- _What you should do_
Print the whole listing below exactly, skipping every picture.

- _Recorded information_
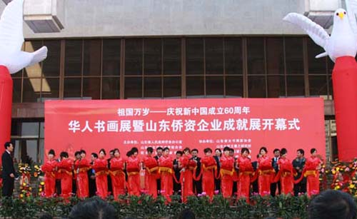 中新網(wǎng)11月10日電 據(jù)山東省僑辦消息,“祖國(guó)萬(wàn)歲——慶祝新中國(guó)成立60周年華人書畫展暨山東僑資企業(yè)成就展”大型宣傳展覽活動(dòng)11月6日在濟(jì)南拉開(kāi)帷幕。國(guó)務(wù)院僑辦副主任馬儒沛、省政協(xié)副主席李德強(qiáng)、著名書畫家劉寶純出席活動(dòng)開(kāi)幕式并為活動(dòng)剪彩。省僑辦主任王琳在開(kāi)幕式上致辭,省僑辦黨組書記朱緒平主持開(kāi)幕式。
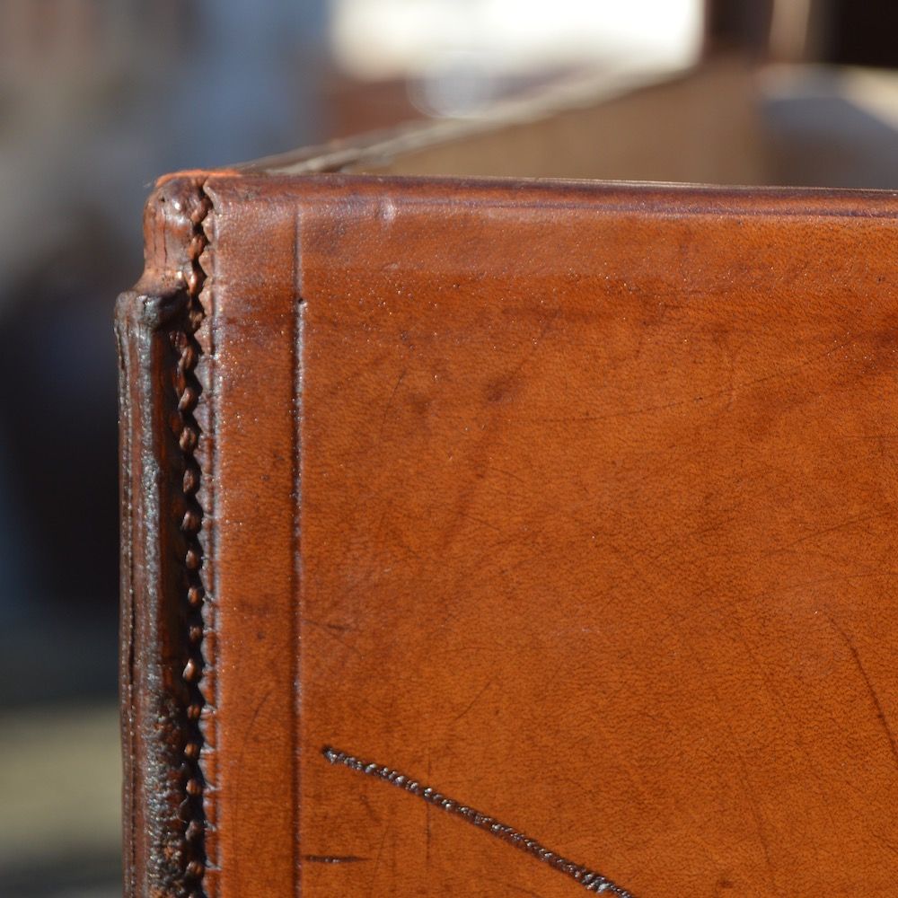 The trunk is in very good condition for its age, with a few water spots on the exterior and interior lining. Very nice patina of the leather.
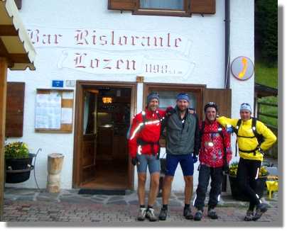 Da die Jungs den Tourenplan wieder einmal nicht genau gelesen haben, fällt ihnen gar nicht weiter auf, dass wir in Lienz bereits um 6:00 früh mit dem Auto nach Cortina starten (Danke Annemarie). So können wir bereits um 7:30 in der Nähe des Campingplatzes Cortina (1.120) zur heurigen Transalp starten.

- _Written reply_
 中新網(wǎng)11月10日電 據(jù)山東省僑辦消息,“祖國(guó)萬(wàn)歲——慶祝新中國(guó)成立60周年華人書畫展暨山東僑資企業(yè)成就展”大型宣傳展覽活動(dòng)11月6日在濟(jì)南拉開(kāi)帷幕。國(guó)務(wù)院僑辦副主任馬儒沛、省政協(xié)副主席李德強(qiáng)、著名書畫家劉寶純出席活動(dòng)開(kāi)幕式并為活動(dòng)剪彩。省僑辦主任王琳在開(kāi)幕式上致辭,省僑辦黨組書記朱緒平主持開(kāi)幕式。
 The trunk is in very good condition for its age, with a few water spots on the exterior and interior lining. Very nice patina of the leather.
 Da die Jungs den Tourenplan wieder einmal nicht genau gelesen haben, fällt ihnen gar nicht weiter auf, dass wir in Lienz bereits um 6:00 früh mit dem Auto nach Cortina starten (Danke Annemarie). So können wir bereits um 7:30 in der Nähe des Campingplatzes Cortina (1.120) zur heurigen Transalp starten.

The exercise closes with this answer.